В зависимости от уровня поражения желчных протоков у больных описторхозом, существует 3 типа эхоскопической картины холангиоцеллюлярного рака печени [Толкаева М.В., 1999].

Опухоли внутрипеченочной локализации. Развиваются из мелких внутрипеченочных желчных протоков и характеризуются диффузно-инфильтративными изменениями паренхимы периферических отделов печени. Визуализируются в виде фрагментов гиперэхогенной ткани сглаженной структуры, без четких границ, с внутренними мелкими очагами пониженной или повышенной плотности и кальцинатами.



Часто сопровождаются мелкими холангиоэктазами в периферических отделах печени в зоне поражения. Дополнительный признак описторхозной инвазии — выраженные перидуктальные фиброзноинфильтративные изменения тканей, местами с элементами обызвествления. Опухоли внутрипеченочной локализации при описторхозе наиболее трудны для ультразвуковой диагностики в связи с диффузно-инфильтративным характером роста и невозможностью определения истинных границ поражения.

Опухоли с поражением ворот печени (центральная локализация). Характеризуются наличием в области портальных ворот печени объемного образования небольших размеров (до 3—5 см), без четких контуров, гипер-, изо- или гипоэхогенного относительно печеночной паренхимы. Сопровождаются обструкцией желчных протоков в зоне поражения и расширением проксимальной части внутрипеченочных желчных протоков.



. Опухоли с поражением дистальных желчных протоков. Для холангиоцеллюлярного рака характерно длительное бессимптомное течение заболевания. Сложности визуализации опухолей при ультразвуковом исследовании определяют позднюю диагностику. К моменту постановки диагноза у 85,7% больных имеется метастатическое поражение печени и лимфатических узлов.

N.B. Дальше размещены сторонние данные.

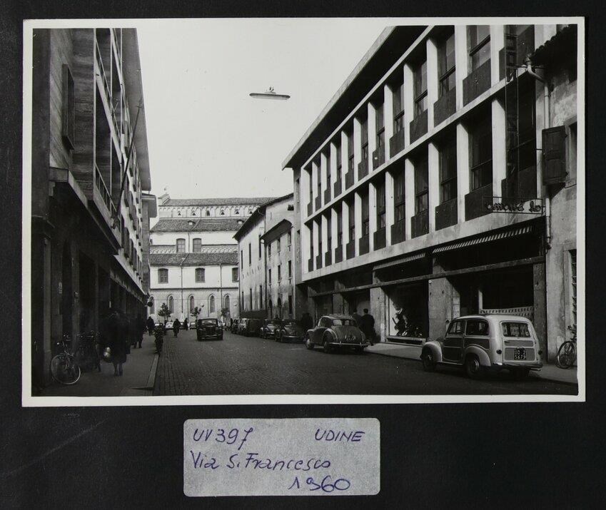 Udine: veduta di via San Francesco. Sullo sfondo, a sinistra, uno scorcio del duomo (prima metà del Duecento). A destra, il Palazzo dell'Associazione Industriali, ex sede di rappresentanza della Regione Friuli Venezia Giulia, realizzato su progetto dell'architetto Pietro Zanini (1951-1953) per accogliere attività commerciali e gli uffici dell'Associazione.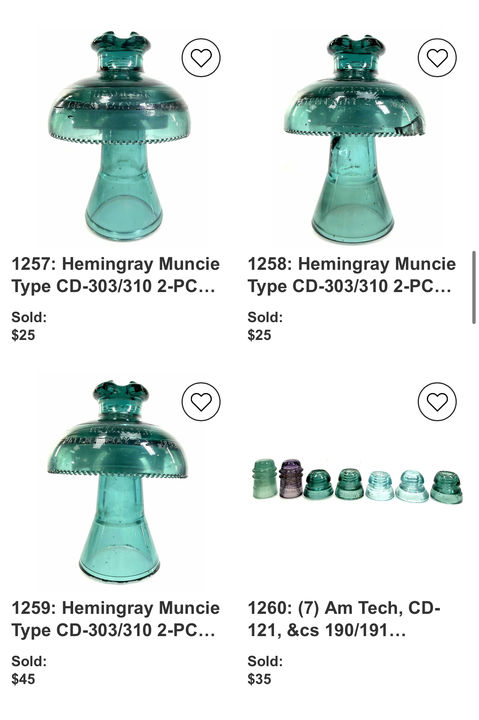 More of Tommy Bolack's insulators were sold at auction today including a few CD 303/310 Muncies. It appears they sold pretty cheap although some had damage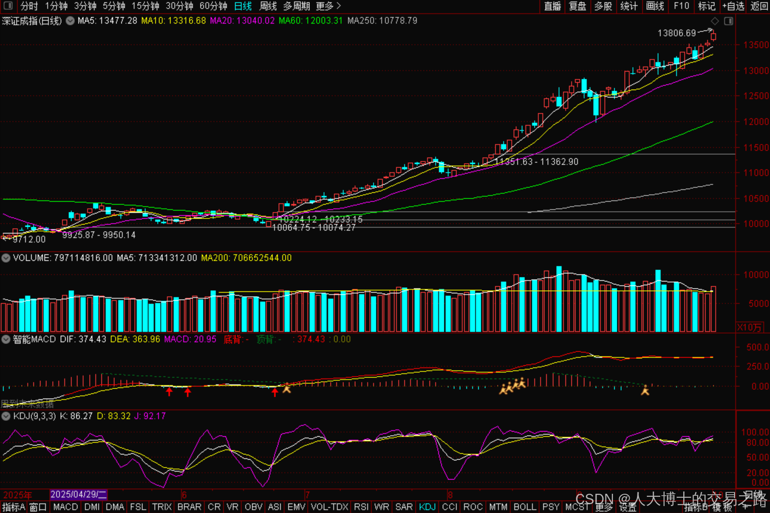 深证指数今天收小阳线,日内创近期新高,量能再次站上5日均量线,均线目前多头排列继续趋势的走势。个股今天上涨多于下跌,总体行情较好。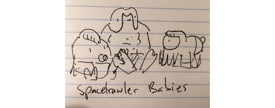 Ha! Aw, thank you. But, no. I was barely buzzed from one drink. Just silly enough to actually draw it, and just silly enough to do nothing else. But that’s what my quick paper sketches tend to look like.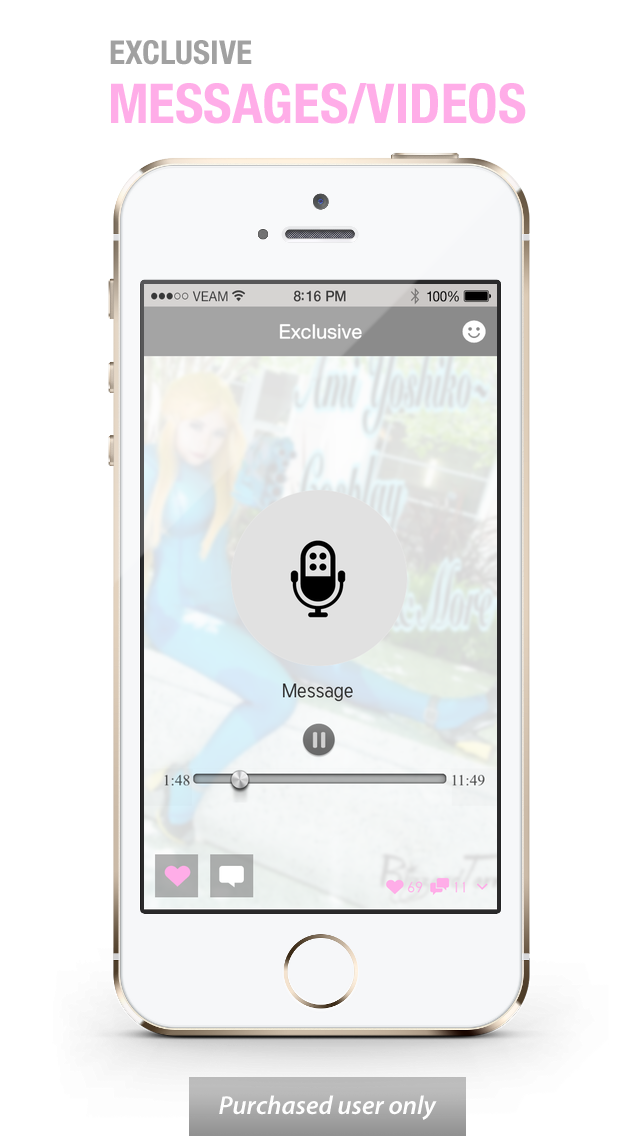 Hi everyone, I am Ami Yoshiko and I am a cosplayer, YouTuber, model and actress! I am very active as a cosplayer and YouTuber and with this app you get quicker, more convenient access to my cosplay progress, newest videos and the next events I'll be appearing at as well as ask me direct questions and get to know me with lots of other cool features! I hope you all enjoy this app and please leave suggestions on cosplays, videos and what you want to see from me next! Plus, only in the app will you be able to unlock Exclusive videos and even personal messages from me! With our subscribers exclusive service! What's in the App; YouTube Videos - All my old and new videos! With easy access! Community Forum Be part of Ami Yoshiko's community. The app includes a FREE fun and interactive forum. Share your photos, get motivated, ask questions and interact with Ami and other members just like you. - Join in on the fun and upload your own pictures and follow fellow members including Ami Yoshiko - The Instagram like feature in the forum allows you to post pictures along with your posts. - Topics include: Hot Topics, Meet & Greet and others Exclusive Area: Exclusive video/voice messages - Each month Ami Yoshiko will post an exclusive video or voice messages and you will have access to private tips that she only shares with her private members Privacy policy and terms of use; http://veam.co/top/guideline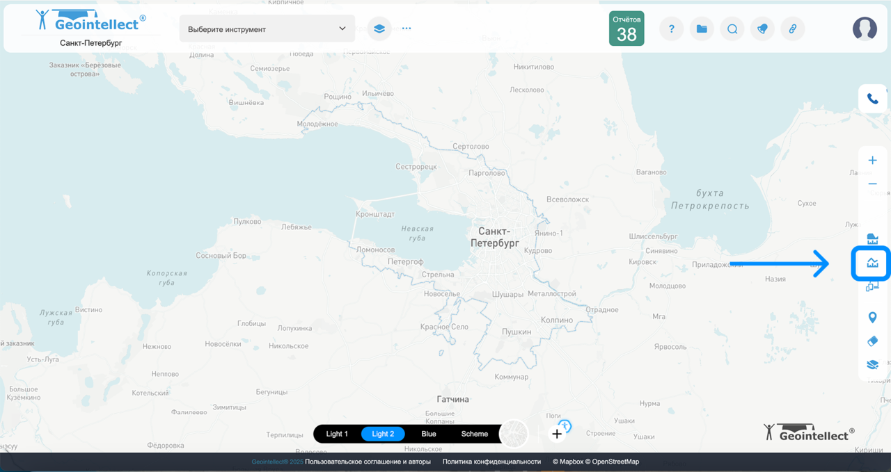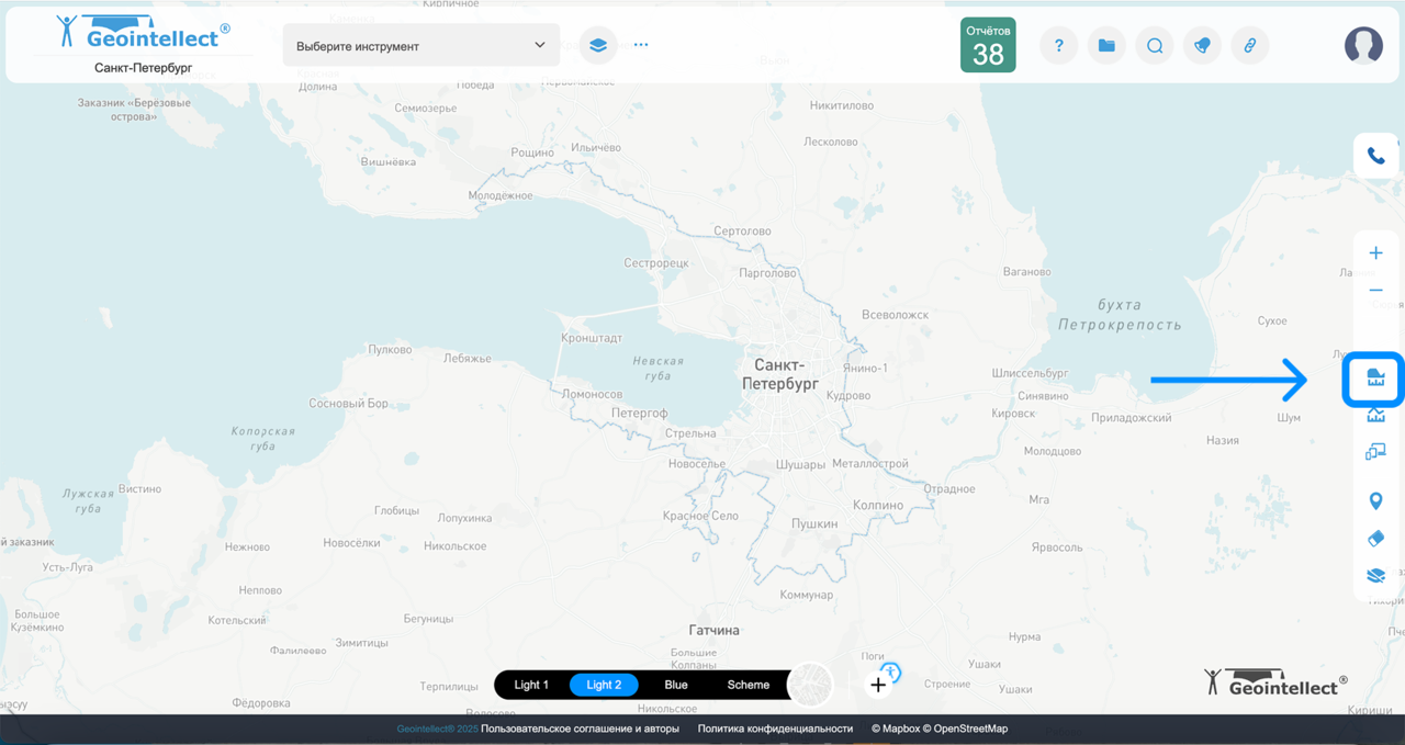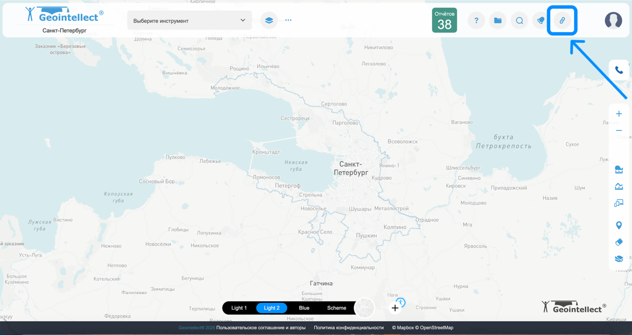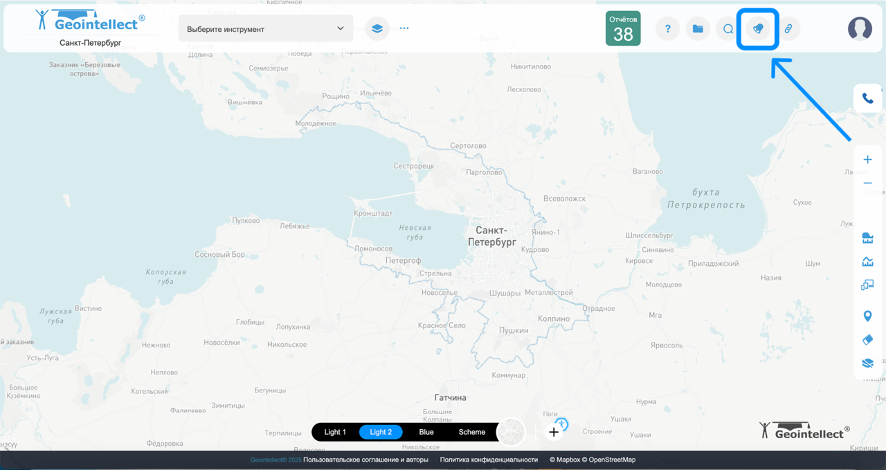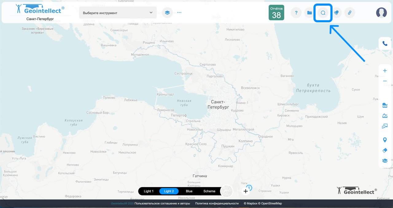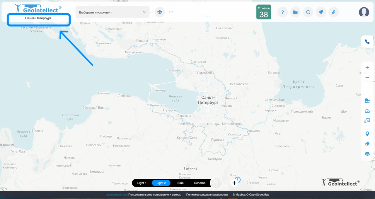 рис 6 - Верхняя панель — управление отчетами, выбор региона, выбор инструментов, выбор слоев геоданных, справочный центр Geointellect, список проектов, поисковая строка, форма обратной связи, копирование, личный кабинет.(рис 7)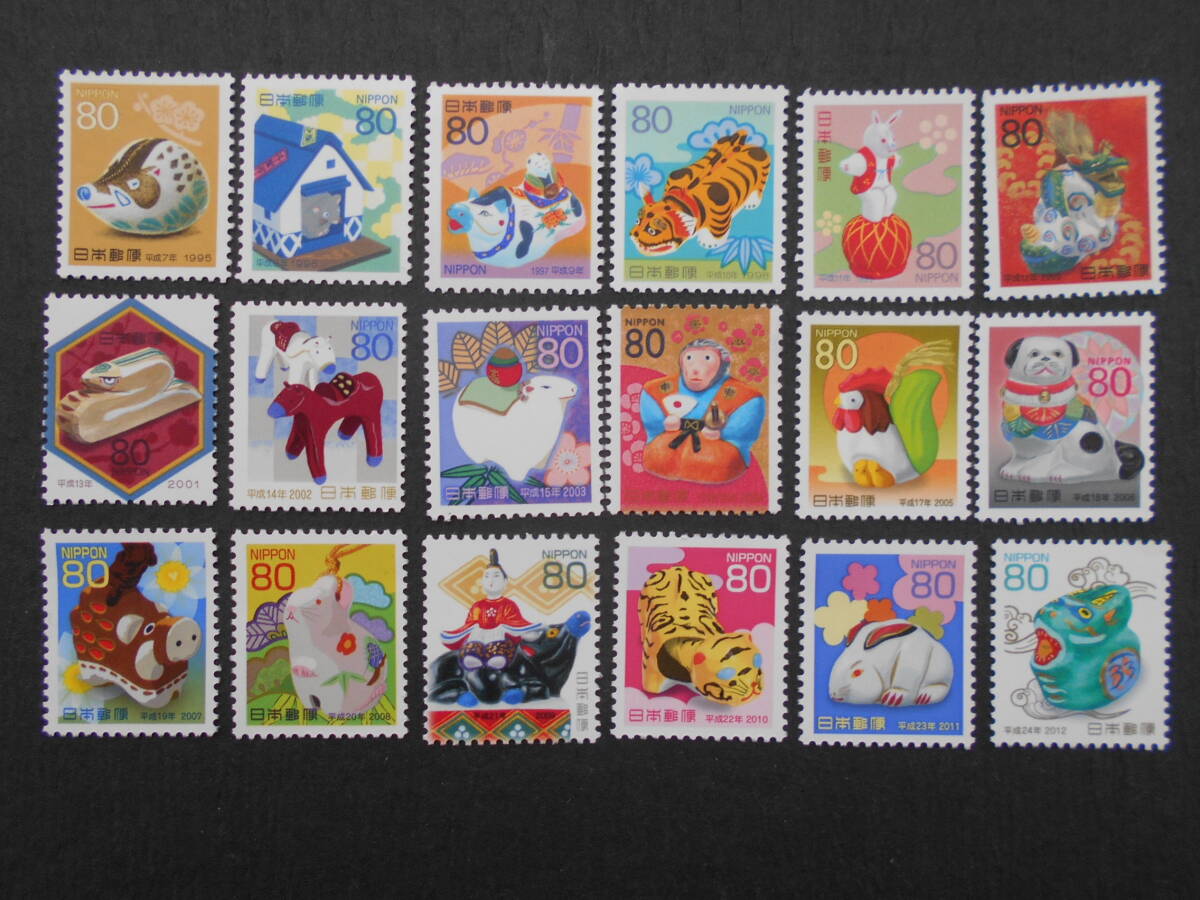 - 年賀切手1995~2012年 18年分80円切手揃い 未使用80円切手18種

Ультразвуковое исследование благодаря своей неинвазивности, информативности и точности получаемой информации является ценнейшим диагностическим методом, дающим возможности в большинстве случаев верифицировать диагноз очагового поражения печени до такой степени достоверности, что использование других диагностических методов становится необязательным. Сочетание ультразвукового метода исследования с допплерографией позволяет выяснить взаимоотношения патологического очага с сосудисто-протоковыми структурами печени и достаточно точно планировать объем и характер предстоящего оперативного вмешательства.